Many people associate music with the American flag, particularly our national anthem, "The Star-Spangled Banner."

Francis Scott Key originally penned the lyrics through his poem, "In Defence of Fort McHenry" during the War of 1812, also known as The Second War for Independence. The music for the national anthem is that of an earlier composition, "To Anacreon in Heaven."

As history has it, Key gazed on the colossal American flag (30 feet by 42 feet, sewn by Mary Pickersgill and her family) visible at dawn flying over Fort McHenry in Baltimore Harbor, and was inspired to write his iconic poem. The dark night before was filled with gunfire and the shrill echoes of rockets as the British tried, again, to take over America .

Emily Bowen, wife of John Bowen, says, "Music gives texture and enrichment to life. It’s a wonderful avenue of self-expression, helping us experience history."

Emily Bowen grew up in San Francisco , Calif., during WWII. "We would travel past the ship yards out in the San Francisco Bay.
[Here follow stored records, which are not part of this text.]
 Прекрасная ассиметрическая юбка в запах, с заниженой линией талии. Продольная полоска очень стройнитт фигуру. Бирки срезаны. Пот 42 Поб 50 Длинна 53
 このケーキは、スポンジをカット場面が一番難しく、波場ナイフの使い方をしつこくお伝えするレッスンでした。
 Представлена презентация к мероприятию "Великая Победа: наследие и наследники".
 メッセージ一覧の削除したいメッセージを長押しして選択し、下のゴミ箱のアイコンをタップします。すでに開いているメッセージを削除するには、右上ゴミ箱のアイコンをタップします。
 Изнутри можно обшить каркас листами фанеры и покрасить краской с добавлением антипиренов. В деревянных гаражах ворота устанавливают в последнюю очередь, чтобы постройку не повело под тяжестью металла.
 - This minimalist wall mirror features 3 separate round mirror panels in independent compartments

The workers labored 24 hours a day building warships headed for the Pacific. I remember the ships were always draped with huge American flags until the day arrived when they would slide gracefully into the deep water, after being launched with a bottle of champagne for good luck. Flags were flying everywhere.
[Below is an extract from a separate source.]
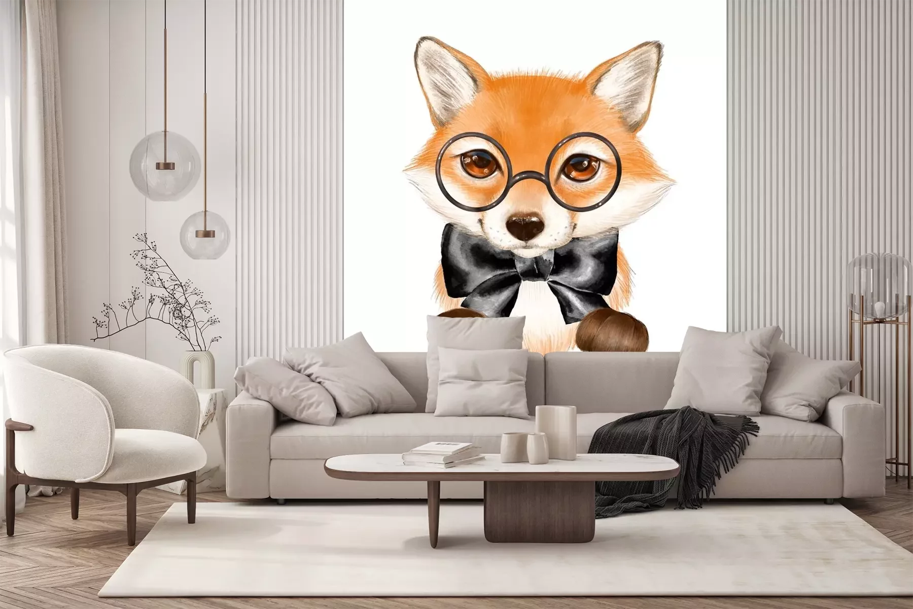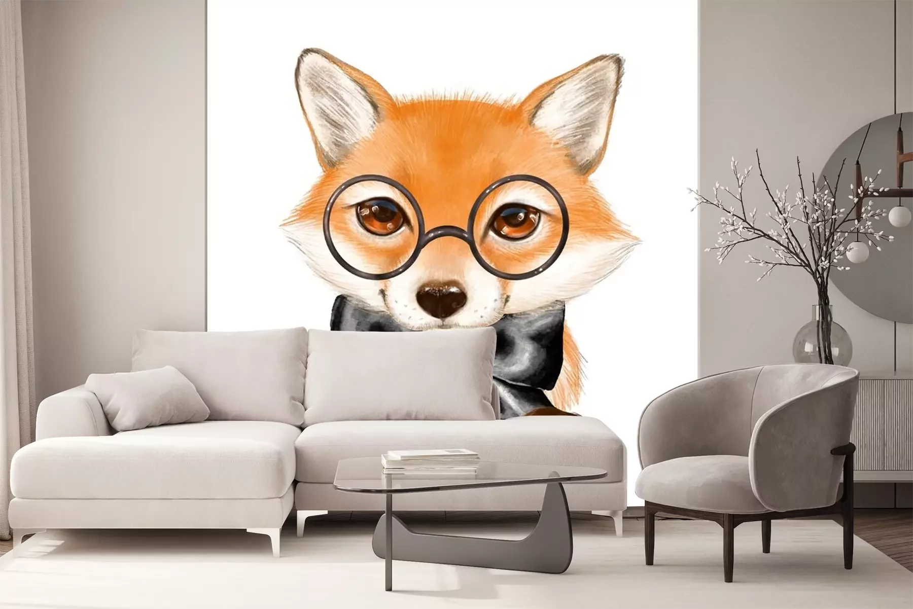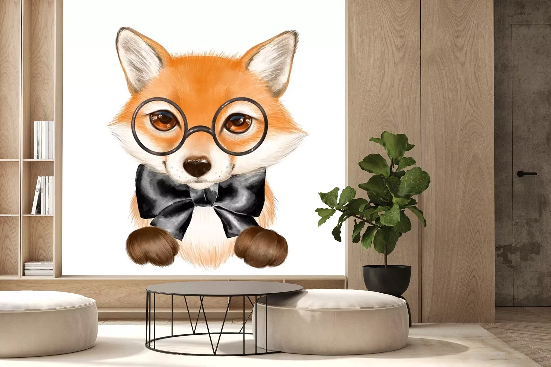 Sticker Rotfuchs mit schwarzer Brille und schwarzer Fliege

"There were ceremonies and speeches given and always many dignitaries present. Bands would be playing patriotic songs, one for each branch of the military. Songs played during different wars: ‘Yankee Doodle,’ (Revolutionary War); ‘Dixie,’ and ‘The Battle Hymn of the Republic’ (Civil War); and of course, ‘The Star-Spangled Banner’ (War of 1812). I remember saluting the flag during the playing of ‘The Star-Spangled Banner.’"

Bands still play marches in parades on holidays, giving a festive air and stirring feelings of patriotism with music such as "(You’re A) Grand Old Flag" by George M. Cohan and John Philip Sousa’s "The Stars and Stripes Forever."

Meta Cronia, a Gainesville resident, remembers her school band and Girl Scout troop marching behind the flag in parades during World War II.

Growing up, Cronia lived on the Gulf Coast in Mississippi near military and naval bases, which set the stage for patriotic events.

"It seemed we were always marching in something," Cronia said. "We were so patriotic then, and it was a thrill to see our flag leading a procession."

In 1942, President Franklin D. Roosevelt approved the Federal Flag Code. It provides guidelines for display and respect toward the flag.

According to the Flag Code, it "should be destroyed in a dignified way, preferably by burning, when it is in such a condition that it is no longer a fitting emblem for display."

Marilyn Martin, chairperson of the Flag of the USA Committee, Colonel William Candler Chapter, Daughters of the American Revolution, has attended local U.S. flag retirement ceremonies in recent years, led by Gainesville Boy Scout Troop 26 and the Hall County Sheriff’s Department, at Memorial Park Cemetery.

Martin says, "The sheriff’s department reminded attendees that the ashes of a retired flag should be buried in a place of honor, such as one in a local cemetery. The sheriff’s department located a place of honor to bury the flag ashes at Memorial Park Cemetery."

Martin plans to attend a local flag retirement ceremony this year and has received several flags for retirement.

"I will give the worn U.S. flags I collected this year to the Gainesville Boy Scout Troop 3 for a Flag Retirement Ceremony on Flag Day, June 14 at 7 p.m. at the Lake House behind the Presbyterian Church."

"Union" is another word for the canton or upper left corner of the flag. By the Flag Code, "the flag may be displayed with the union down only as a signal of dire distress in instances of extreme danger to life or property."

The study of flags is called "vexillology" and people who study flags are known as vexillologists.

Lynda Holmes, Ed.D, is vice president of the Northeast Georgia Writers and a member of the Colonel William Candler Chapter, National Society Daughters of the American Revolution.